Vertex Pharmaceuticals (Europe) Limited, 86-88 Jubilee Avenue, Abingdon, Oxfordshire, OX14 4RW, UK.
Chembiochem. 2018 Mar 16;19(6):552-561. doi: 10.1002/cbic.201700560. Epub 2018 Jan 31.
Indoleamine-2,3 dioxygenase 1 (IDO1) has emerged as a central regulator of immune responses in both normal and disease biology. Due to its established role in promoting tumour immune escape, IDO1 has become an attractive target for cancer treatment. A novel series of highly cell potent IDO1 inhibitors based on a 4-amino-1,2,3-triazole core have been identified. Comprehensive kinetic, biochemical and structural studies demonstrate that compounds from this series have a noncompetitive kinetic mechanism of action with respect to the tryptophan substrate. In co-complex crystal structures, the compounds bind in the tryptophan pocket and make a direct ligand interaction with the haem iron of the porphyrin cofactor. It is proposed that these data can be rationalised by an ordered-binding mechanism, in which the inhibitor binds an apo form of the enzyme that is not competent to bind tryptophan. These inhibitors also form a very tight, long-lived complex with the enzyme, which partially explains their exquisite cellular potency. This novel series represents an attractive starting point for the future development of potent IDO1-targeted drugs.

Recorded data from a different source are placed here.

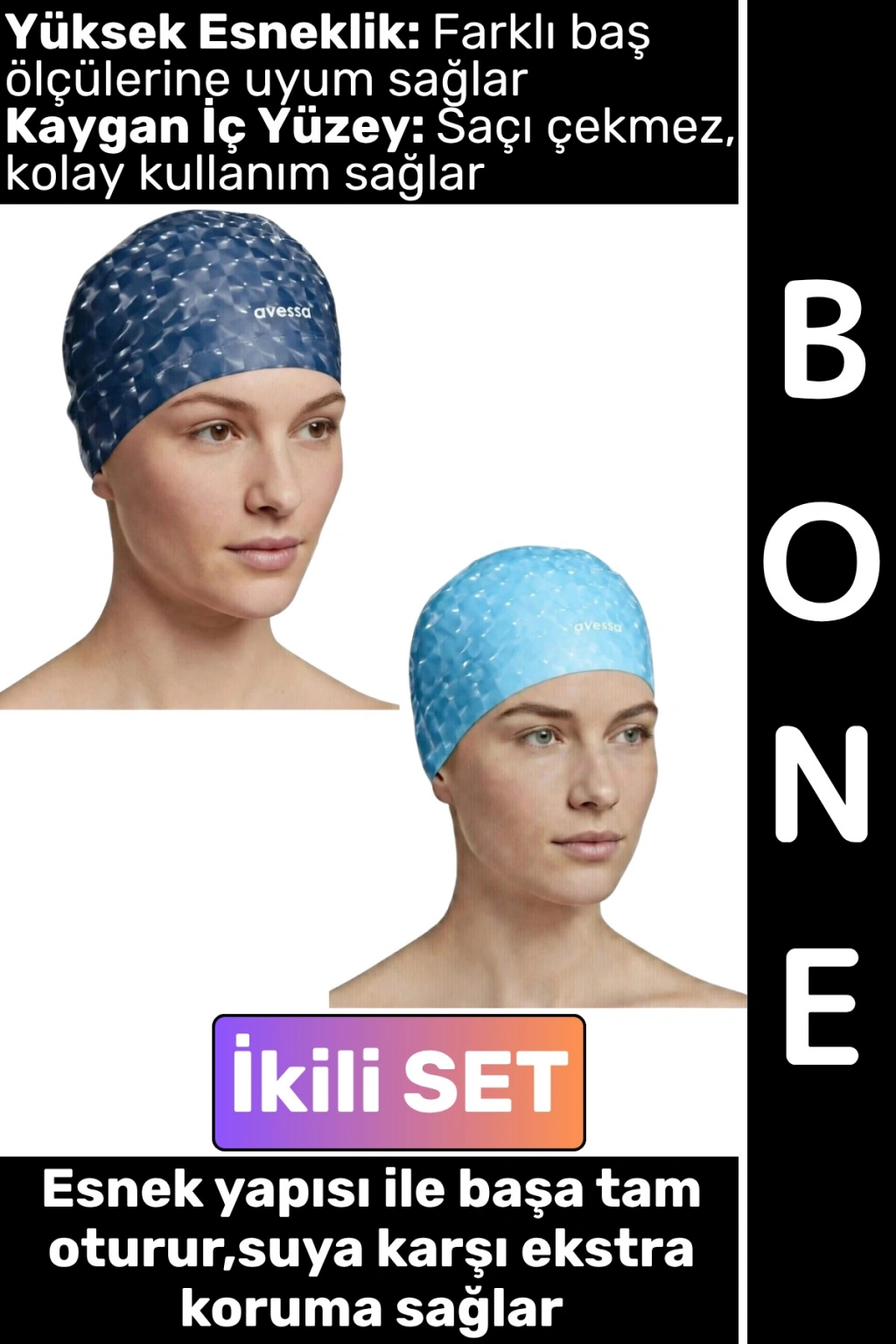 Havuz ve deniz kullanımına uygun olarak tasarlanan bu boneler, esnek ve dayanıklı yapısıyla saçlarınızı sudan korurken konforlu bir kullanım sunar. Kaygan ve pürüzsüz yüzeyi sayesinde kolayca takılıp çıkarılabilir, saçı çekmez ve rahatsızlık vermez.
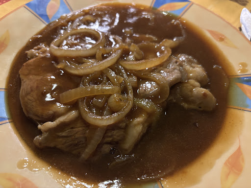 Read moreDer Beilagensalat war sehr lecker. Wir hatten beiden den Zwiebelrostbraten. Einmal scharf einmal normal. Beide Steaks waren ca. 1cm dick und Medium gebraten, so wie gewünscht. Die Soße war etwas schlapp gewürzt. Pfeffer und Salz standen aber auf dem Tisch. Bei dem scharfen Steak war etwas Peperoni in die Soße geschnitten. War nicht wirklich scharf. Bei meinem Steak hatte ich ein ganz schlechtes Stück bekommen. Es war mehr Fett als Fleisch. Vielleicht lag die schlechte Qualität daran, dass wir mit dem Schlemmerblock essen...
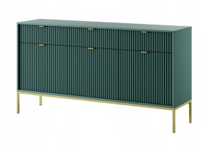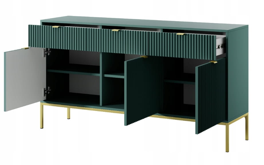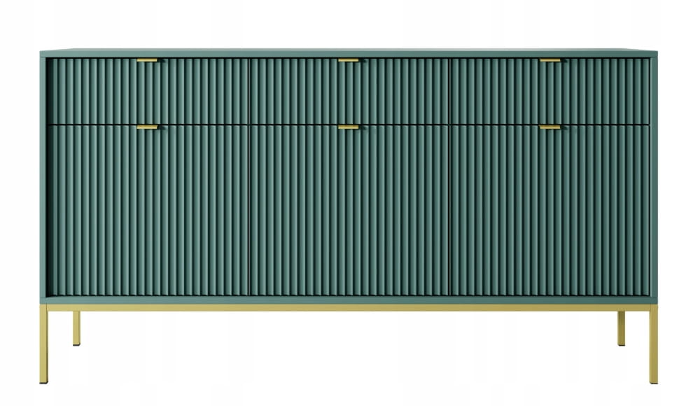 Komoda trzydrzwiowa z szufladami Zanzi 154 cm Zielona ryflowane fronty i złoty stelaż
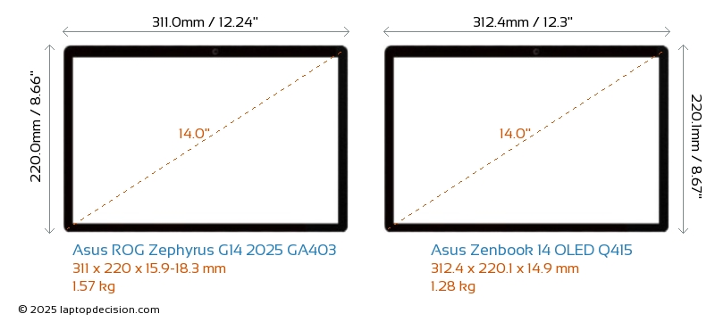 HDMIBoth ROG Zephyrus G14 2025 GA403 and Zenbook 14 OLED Q415 feature an HDMI port (1x HDMI 2.1) for connecting to external monitors.
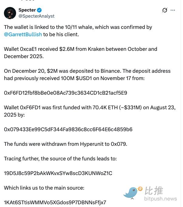 地址0x98b的所有者引发了社区猜测。通过链上追踪,分析师Specter认为该钱包很可能与1011 内幕巨鲸Garrett Jin有关。
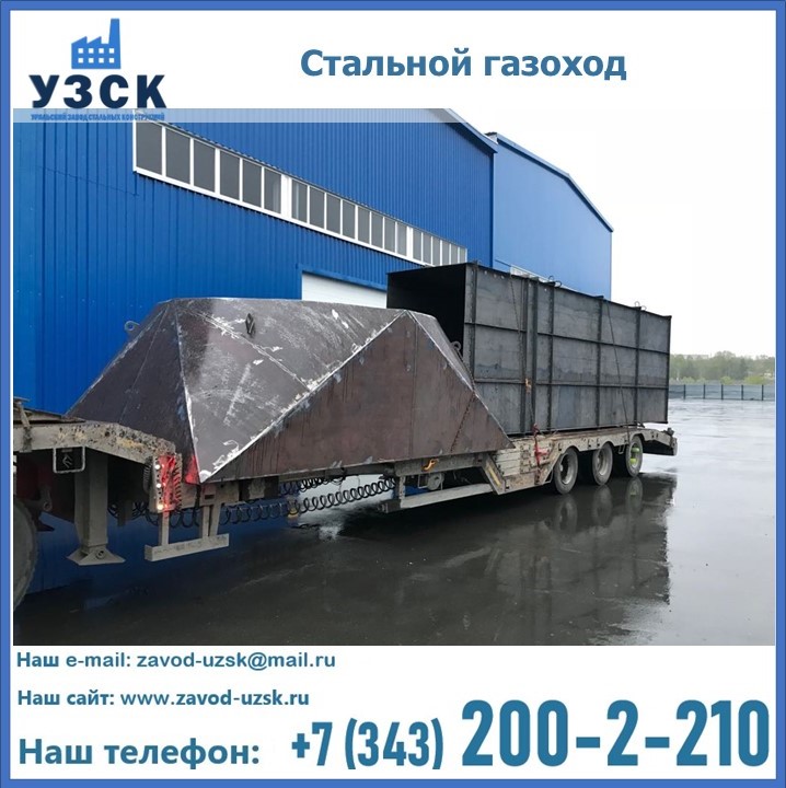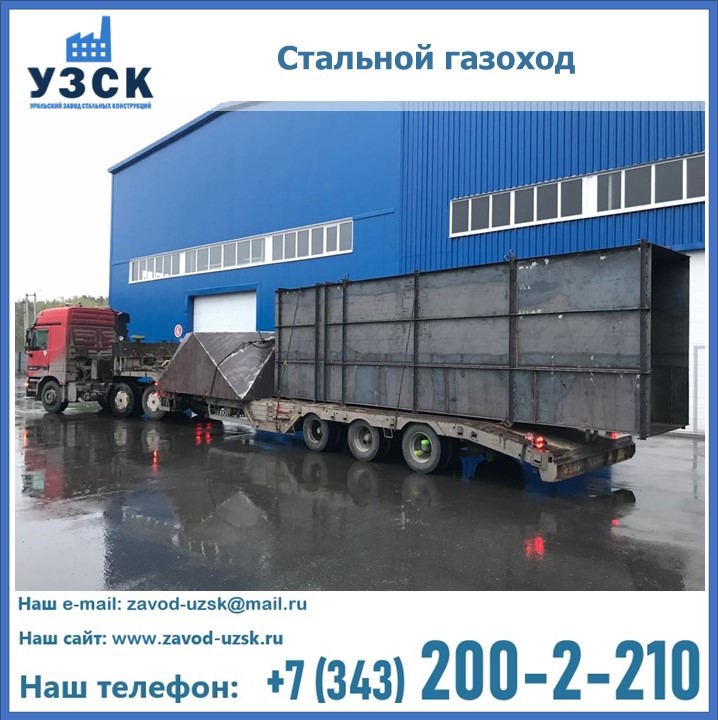 Газоход прямоугольный, стальной 1,4х2,3х7,8 метров, отвод газохода диаметром 3 метра и переход с диаметра 3 метра на прямоугольник 3х4,2 метра были изготовлены и отгружены на склад завода «Невьянский цемент». Производство газоходов на площадке «Уральского Завода Стальных Конструкций» было выполнено в точном соответствии с проектом заказчика, по индивидуальному чертежу. УЗСК изготовитель стальных газоходов. Собственный конструкторский отдел, Лаборатория неразрушающего контроля, необходимое оборудование и станки, оперативные поставки металла по низкой цене дают возможность нам формировать оптимальную стоимость на стальные газоходы.
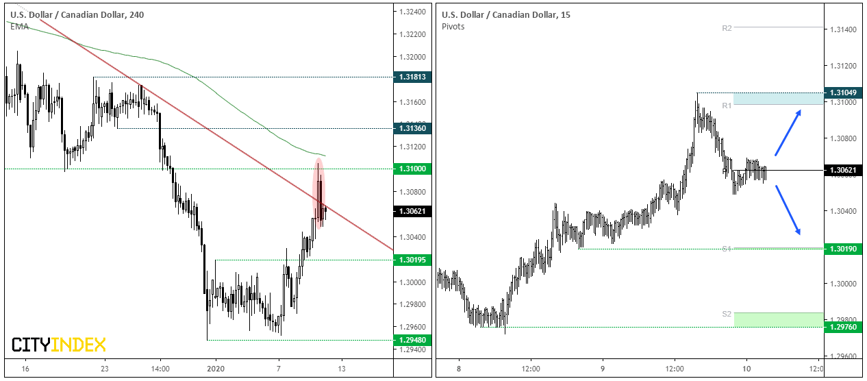 USD/CAD Intraday: A bearish engulfing candle / 2-bar reversal has formed on the 4-hour chart. The 1.3100 handle held and there’s also the 200-period eMA just above, so it could take a strong US beat and CA miss for these levels to break with conviction.
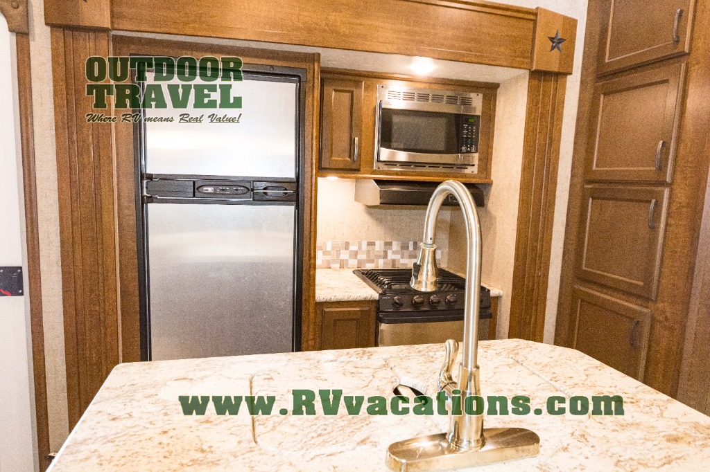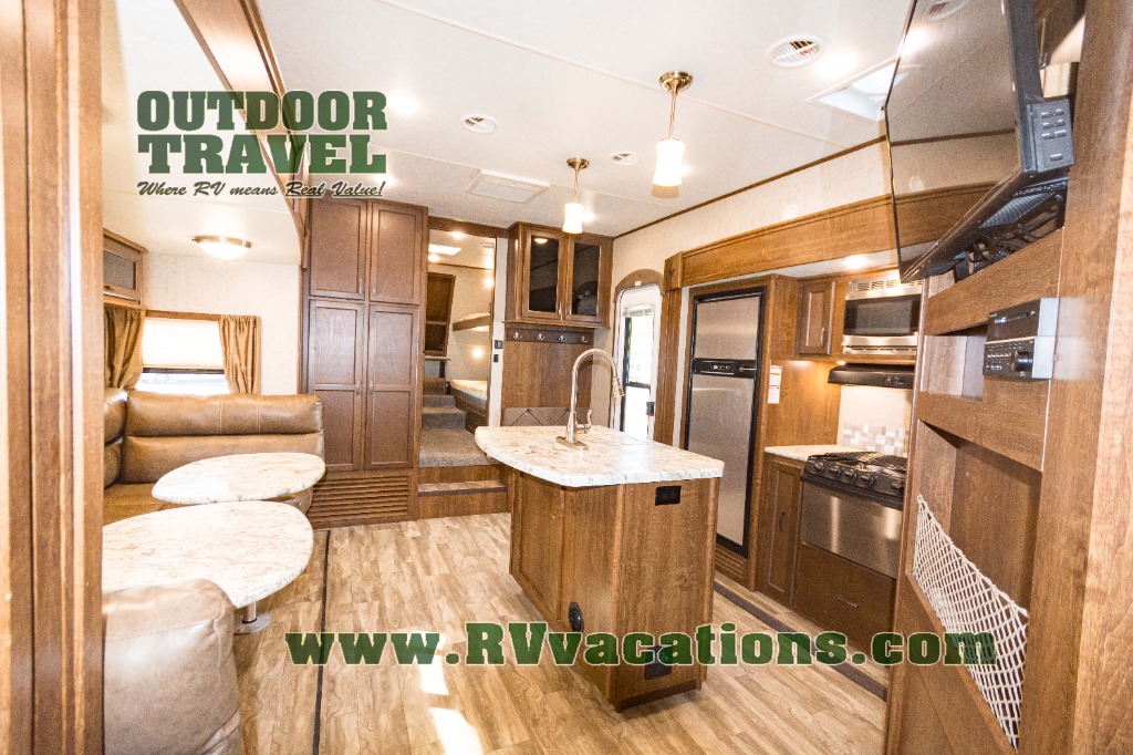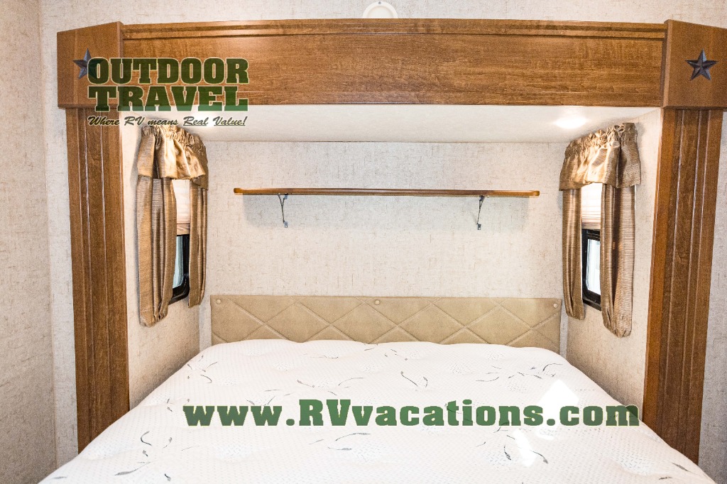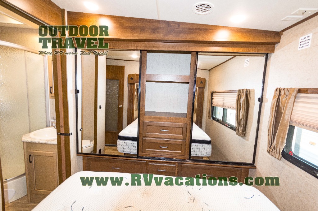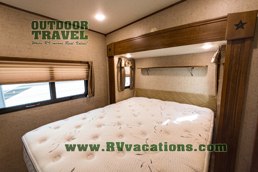 In the front of the fifth wheel you will find a private bunkhouse with two sets of bunk beds allowing for sleeping space for four, cabinets and drawers on each side, and a location for an optional TV up front, plus so much more inside and outside!

色氨酸 2,3-双加氧酶 1(IDO1)已成为正常和疾病生物学中免疫反应的主要调节剂。由于其在促进肿瘤免疫逃逸方面的既定作用,IDO1 已成为癌症治疗的一个有吸引力的靶点。已经鉴定出一系列基于 4-氨基-1,2,3-三唑核心的高度细胞有效的 IDO1 抑制剂。综合的动力学、生化和结构研究表明,该系列化合物对色氨酸底物具有非竞争性的动力学作用机制。在共晶结构中,这些化合物结合在色氨酸口袋中,并与卟啉辅因子的血红素铁直接发生配体相互作用。据推测,这些数据可以通过有序结合机制来合理化,其中抑制剂结合的酶的无活性形式不能与色氨酸结合。这些抑制剂也与酶形成非常紧密、长寿命的复合物,这部分解释了它们卓越的细胞效力。这个新系列代表了未来开发有效 IDO1 靶向药物的一个有吸引力的起点。